PROBLEM: Every line from the one with "Der Gewinn des" through the end of the material below, both ends included, should be transcribed exactly, without pictures.

DATA FOR REVIEW:
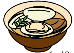
はまぐりのお吸い物

になったのは江戸時代のことで、もとは人形を身代わりにして邪気をはらう「流しびな」が起源とされます。行事食として、ちらしずし、はまぐりのお吸い物、ひしもち、ひなあられなど、華やかな食べ物が並びます。
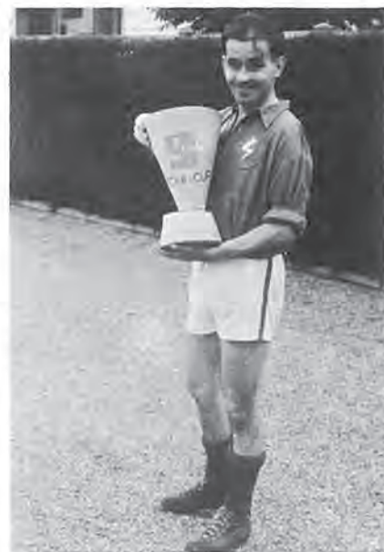
Der Gewinn des Schi-Cups blieb für uns ein Wunschträumli!

1954 fand dann der erhoffte Ausgleich gegen denselben Gegner statt. Aber oh jeh, wir verloren 1:10.
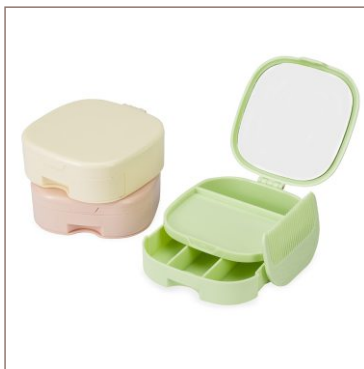
Porta-Joias com Espelho Cod. 18984

10un.....R$ 32,50 cada 50un.....R$ 28,00 cada 100un.....R$ 26,50 cada
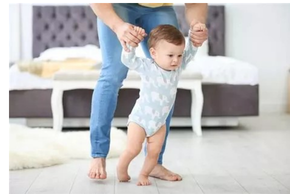
je veux qu'on me fasse marcher
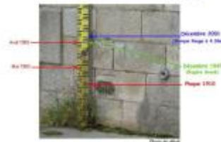
Photo Repères de crue (Site)
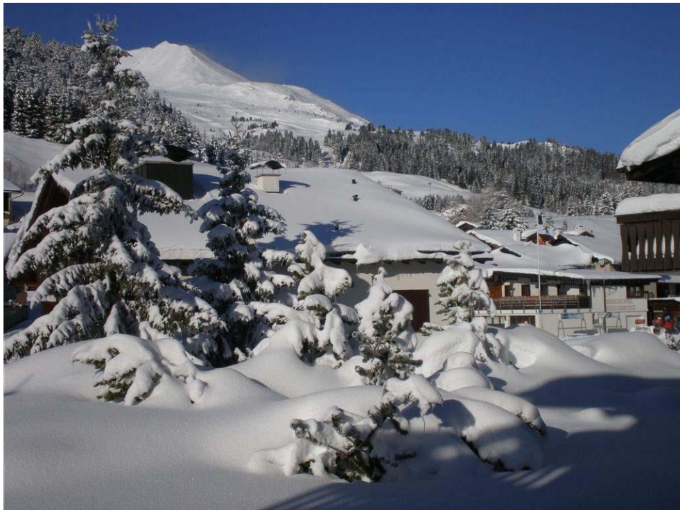
Aussicht vom Haus Richtung Alp Stätz
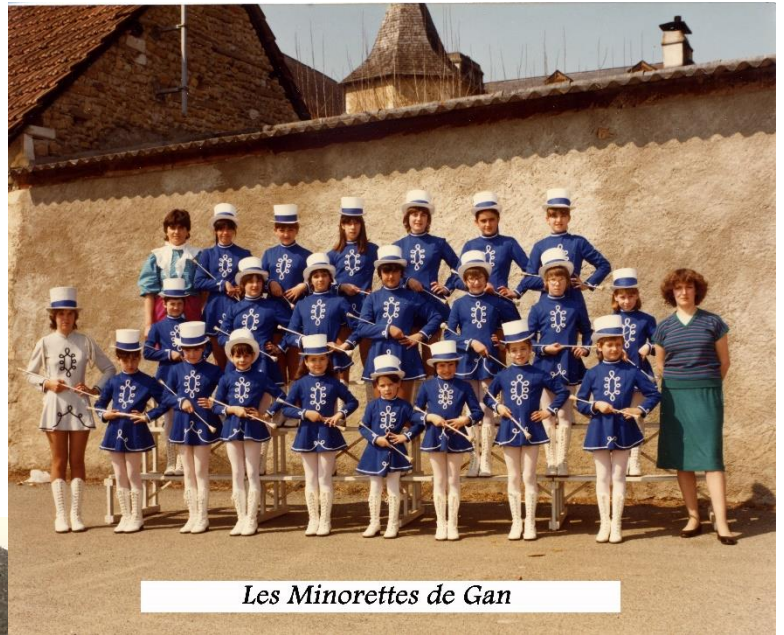
Les Minorettes de Gan
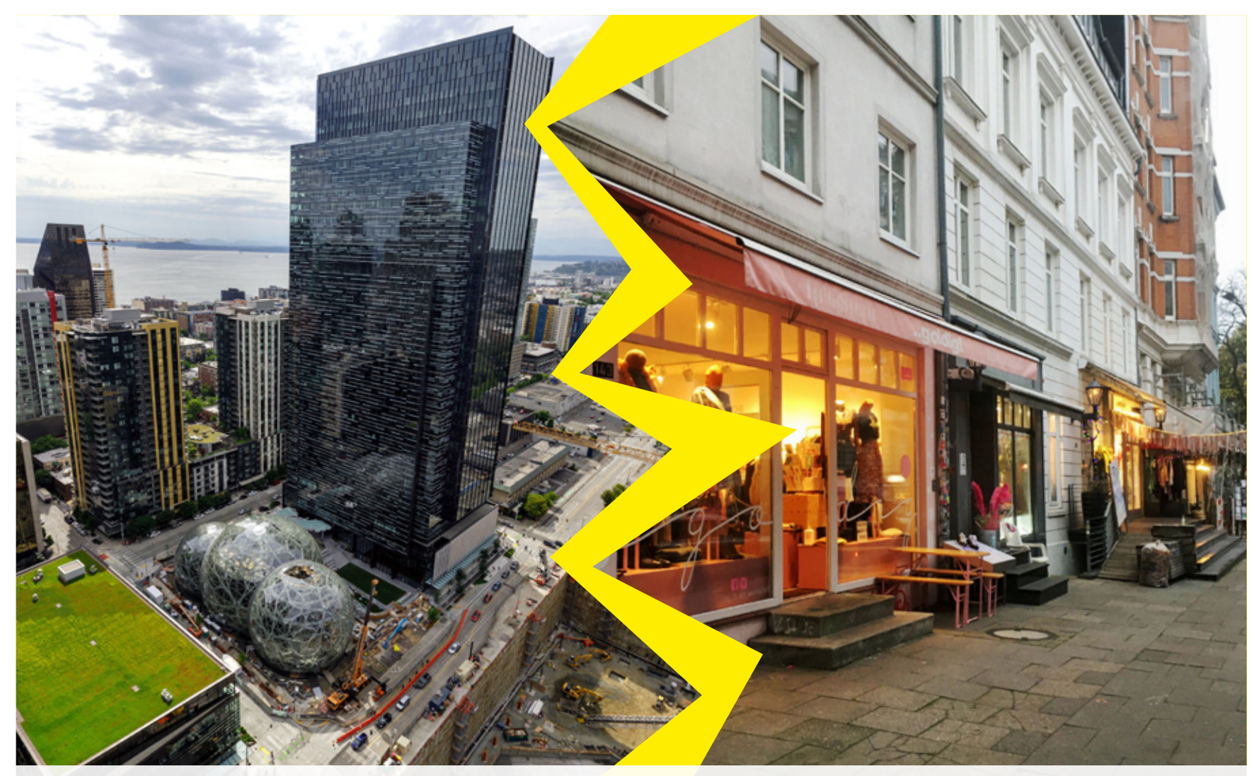
Während man sich in der Amazon-Konzernzentrale in Seattle (links) keine Sorgen um die Zukunft zu machen braucht, kämpfen kleine Läden wie diese im Karolinenviertel (rechts) um ihre Existenz.

REPLY TO THE TASK:
Der Gewinn des Schi-Cups blieb für uns ein Wunschträumli!

1954 fand dann der erhoffte Ausgleich gegen denselben Gegner statt. Aber oh jeh, wir verloren 1:10.
Porta-Joias com Espelho Cod. 18984

10un.....R$ 32,50 cada 50un.....R$ 28,00 cada 100un.....R$ 26,50 cada
je veux qu'on me fasse marcher
Photo Repères de crue (Site)
Aussicht vom Haus Richtung Alp Stätz
Les Minorettes de Gan
Während man sich in der Amazon-Konzernzentrale in Seattle (links) keine Sorgen um die Zukunft zu machen braucht, kämpfen kleine Läden wie diese im Karolinenviertel (rechts) um ihre Existenz.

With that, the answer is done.